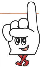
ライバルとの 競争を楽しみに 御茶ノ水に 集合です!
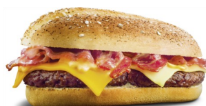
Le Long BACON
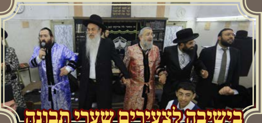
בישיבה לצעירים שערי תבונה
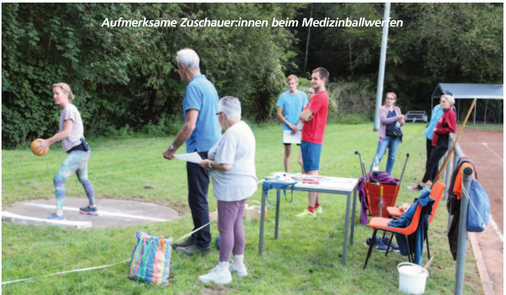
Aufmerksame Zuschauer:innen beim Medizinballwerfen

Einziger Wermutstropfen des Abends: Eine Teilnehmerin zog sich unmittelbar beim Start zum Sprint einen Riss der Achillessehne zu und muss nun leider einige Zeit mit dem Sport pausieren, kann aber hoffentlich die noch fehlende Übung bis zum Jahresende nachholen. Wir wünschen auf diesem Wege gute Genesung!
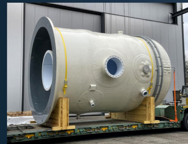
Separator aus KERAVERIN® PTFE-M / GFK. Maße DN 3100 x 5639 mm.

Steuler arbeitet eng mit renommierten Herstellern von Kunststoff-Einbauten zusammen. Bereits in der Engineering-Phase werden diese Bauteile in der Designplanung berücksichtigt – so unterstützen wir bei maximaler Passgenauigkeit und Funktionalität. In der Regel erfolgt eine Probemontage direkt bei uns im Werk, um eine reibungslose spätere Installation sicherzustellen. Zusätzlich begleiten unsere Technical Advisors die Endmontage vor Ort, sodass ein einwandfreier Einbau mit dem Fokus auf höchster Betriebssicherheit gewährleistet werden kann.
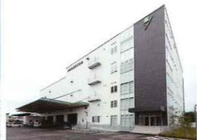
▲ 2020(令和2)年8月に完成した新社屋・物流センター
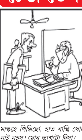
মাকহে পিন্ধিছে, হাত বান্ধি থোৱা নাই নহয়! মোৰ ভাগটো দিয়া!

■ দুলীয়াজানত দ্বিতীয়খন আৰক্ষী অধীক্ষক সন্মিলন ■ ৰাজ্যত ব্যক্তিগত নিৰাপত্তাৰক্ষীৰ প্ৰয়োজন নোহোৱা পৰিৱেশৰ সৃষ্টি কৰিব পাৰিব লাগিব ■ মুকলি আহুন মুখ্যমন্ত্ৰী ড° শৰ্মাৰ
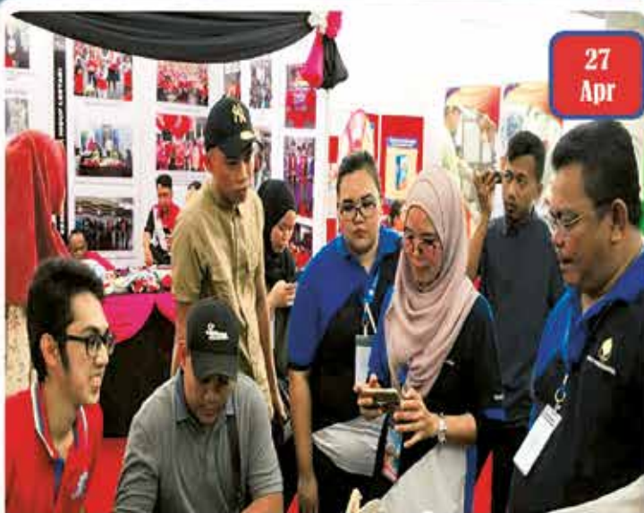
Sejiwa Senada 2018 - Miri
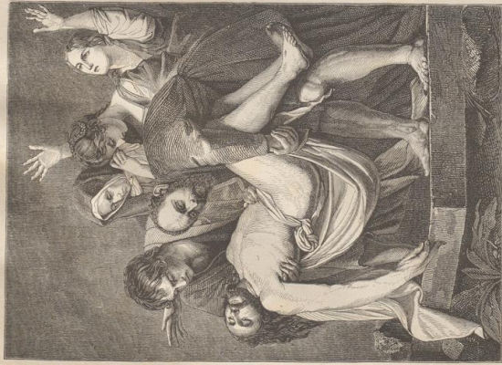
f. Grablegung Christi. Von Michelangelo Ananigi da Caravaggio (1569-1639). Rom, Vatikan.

—————

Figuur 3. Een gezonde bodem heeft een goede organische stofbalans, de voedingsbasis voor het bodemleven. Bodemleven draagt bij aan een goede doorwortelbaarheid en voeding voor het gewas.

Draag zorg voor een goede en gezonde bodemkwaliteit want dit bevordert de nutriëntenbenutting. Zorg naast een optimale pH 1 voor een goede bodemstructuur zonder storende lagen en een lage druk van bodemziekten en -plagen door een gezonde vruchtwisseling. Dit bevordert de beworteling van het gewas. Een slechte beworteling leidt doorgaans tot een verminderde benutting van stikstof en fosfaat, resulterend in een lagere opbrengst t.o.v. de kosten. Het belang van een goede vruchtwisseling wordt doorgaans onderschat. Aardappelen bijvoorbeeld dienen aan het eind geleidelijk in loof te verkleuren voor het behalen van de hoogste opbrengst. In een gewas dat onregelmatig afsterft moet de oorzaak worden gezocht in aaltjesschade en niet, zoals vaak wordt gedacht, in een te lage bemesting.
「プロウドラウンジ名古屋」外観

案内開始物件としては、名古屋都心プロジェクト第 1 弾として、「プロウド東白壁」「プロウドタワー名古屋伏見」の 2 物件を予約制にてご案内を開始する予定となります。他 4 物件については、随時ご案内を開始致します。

—————

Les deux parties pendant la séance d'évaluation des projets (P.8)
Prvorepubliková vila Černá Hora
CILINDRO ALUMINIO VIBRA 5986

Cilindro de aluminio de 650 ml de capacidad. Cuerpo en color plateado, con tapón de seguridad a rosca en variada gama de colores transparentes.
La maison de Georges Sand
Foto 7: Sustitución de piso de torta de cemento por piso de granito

—————

> **Problem**
Pull together all lines from the data that mention the word "beim".

> **Finished task**
Aufmerksame Zuschauer:innen beim Medizinballwerfen
Einziger Wermutstropfen des Abends: Eine Teilnehmerin zog sich unmittelbar beim Start zum Sprint einen Riss der Achillessehne zu und muss nun leider einige Zeit mit dem Sport pausieren, kann aber hoffentlich die noch fehlende Übung bis zum Jahresende nachholen. Wir wünschen auf diesem Wege gute Genesung!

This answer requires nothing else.